Luweng Sampang : Zonk

Merenung di Luweng Sampang Vs Umbah umbah di Kali Sampang... 
Jadi ceritanya kita mau jalan-jalan lagi. Libur merah tanggal 18 April kemarin kita mau menghabiskan waktu bersama temen temen di Grup whatapp Next Trip. Ini grup tempet kita ngrencanain trip kita selanjutnya.
Nah kemaren jumat itu, kita bener bener gag tau mau kemana...ga ada ide sama sekali. Tapi tetep..m kita maksa mau pegi.
Jam sembilanan temen saya Paimin dari magelang sudah di jogja. Spontan kita pun tetapkan dari hasil googling d wifi spot depan telkom kridosono. Luweng Sampang... dari hasil googling, tempatnya kece..Jadi kita cuzz jemput Bundo, Dan Yeyek.

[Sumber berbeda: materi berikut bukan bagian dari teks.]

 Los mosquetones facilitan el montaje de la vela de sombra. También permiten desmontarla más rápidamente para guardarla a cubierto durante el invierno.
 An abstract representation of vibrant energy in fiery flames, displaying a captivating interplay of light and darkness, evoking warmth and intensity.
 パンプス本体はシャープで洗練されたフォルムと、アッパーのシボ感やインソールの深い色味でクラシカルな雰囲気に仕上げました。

Sebelum berangkat ,Kita makan pagi dulu. Dengan pesanan Ayam Geprek di daerah Babaran pun kita melahap habis makan. Kenyang sudah akhirnya!
Kita segera berangkat menuju tujuan. Dari foto kece di google kita setuju k tempat itu. Tapinya!!!! kita gag tau jalan menuju tempat itu. Kita akan jalan geje dengan diawali melewati Candi Ijo ke timur hingga menuju perbatasan Gunung Kidul dan Klaten.

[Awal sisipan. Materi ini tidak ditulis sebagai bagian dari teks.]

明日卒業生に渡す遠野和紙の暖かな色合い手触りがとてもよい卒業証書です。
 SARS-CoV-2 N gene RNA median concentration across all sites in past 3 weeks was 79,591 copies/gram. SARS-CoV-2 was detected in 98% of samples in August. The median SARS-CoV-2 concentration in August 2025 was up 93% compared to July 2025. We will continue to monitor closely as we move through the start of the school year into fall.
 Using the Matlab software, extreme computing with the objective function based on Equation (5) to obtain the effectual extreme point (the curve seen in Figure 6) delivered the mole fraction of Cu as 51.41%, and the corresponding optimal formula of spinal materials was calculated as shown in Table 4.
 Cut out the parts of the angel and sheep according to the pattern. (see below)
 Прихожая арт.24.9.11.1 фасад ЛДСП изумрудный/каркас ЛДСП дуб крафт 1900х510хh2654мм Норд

Perjalan yang tak mudah kita lewati di sekitar jalan menuju Candi Ijo. Jalannya menanjak maksimal ditambah truck truck yang mengangkut batu di depan kita yang bikin worry kalo batunya pada jatoh.

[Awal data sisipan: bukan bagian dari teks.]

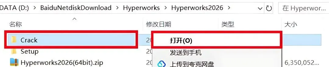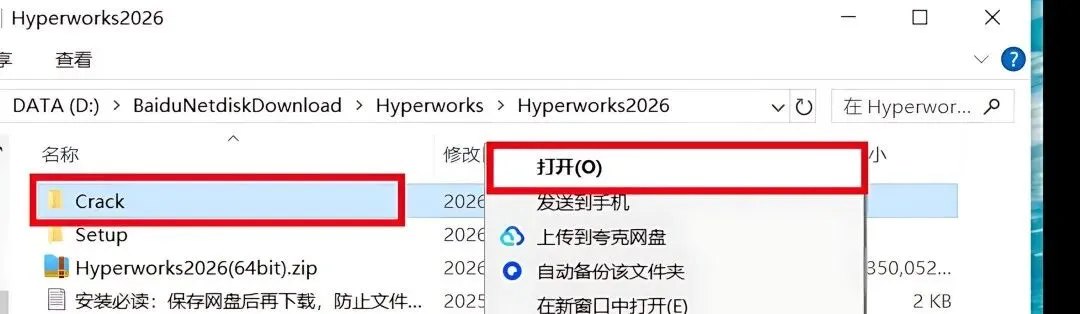 1.下载HyperWorks2026软件安装包到电脑上,右键选择【解压到当前文件夹】。
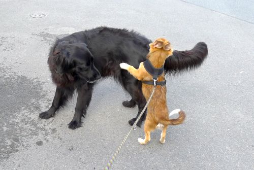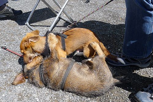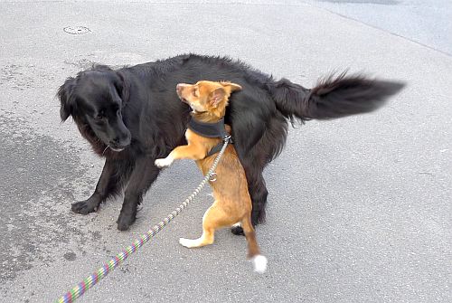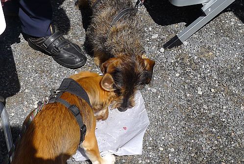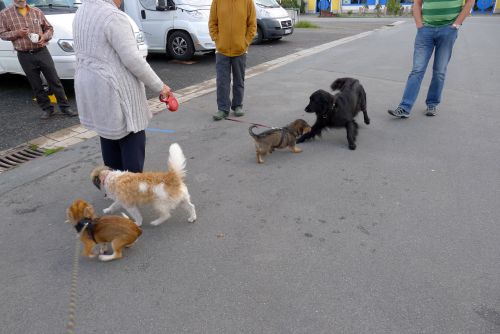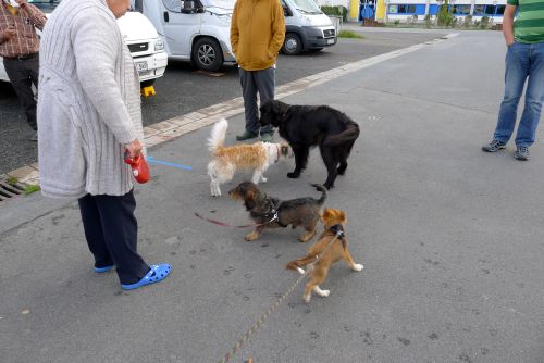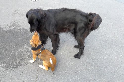 Allgemeine Begrüßung, und auch die Hunde machen sich miteinander bekannt. Passt auch.
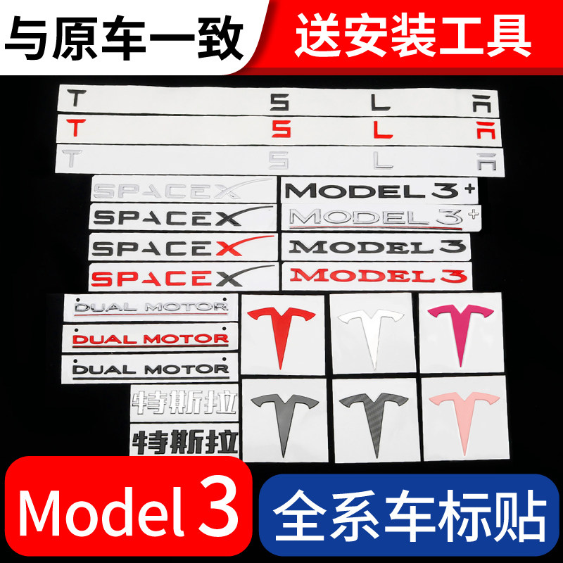 天猫创享汽车用品旗舰店,特斯拉MODEL3车标贴黑化前后尾标,原版工艺 替换原车 带安装视频

Setelah menuju atas dan jalanan mulai nyaman kita berhenti sejenak untuk sholat jumat. Di desa yang jauh dari keramain kita merasakan kenyamanan dan keteduhan dalam sholat. Yang jelas hening banget disana.
Perjalana pun kita teruskan. Jalan Selanjutnya ternyata tidak senyaman yang dibayangkan. Jalanan perbatasan klaten dan gunung kidul parah!. Batuan dan jalanan menanjak kembali menemani perjalanan kita.
Tanya pada warga yang ada d jalan atau bahkan sampai mengetuk pintu rumah kita lakukan demi Luweng Sampang. Hampir.satu jam lebih kita berkutat dengan jalanan berbatu. Kiri dan kanan kalau gak hutan ya pemandangan perbukitan. Ditengah jalan pun kita tidak menyiakan kesempatan untuk foto. Ditengah jalan antara perkebunan rumput gajah yang sedang berbunga kita pun berhenti. Jepret sana dan jepret sini menjadi satu aktivitas menyenangkan di perjalanan kita.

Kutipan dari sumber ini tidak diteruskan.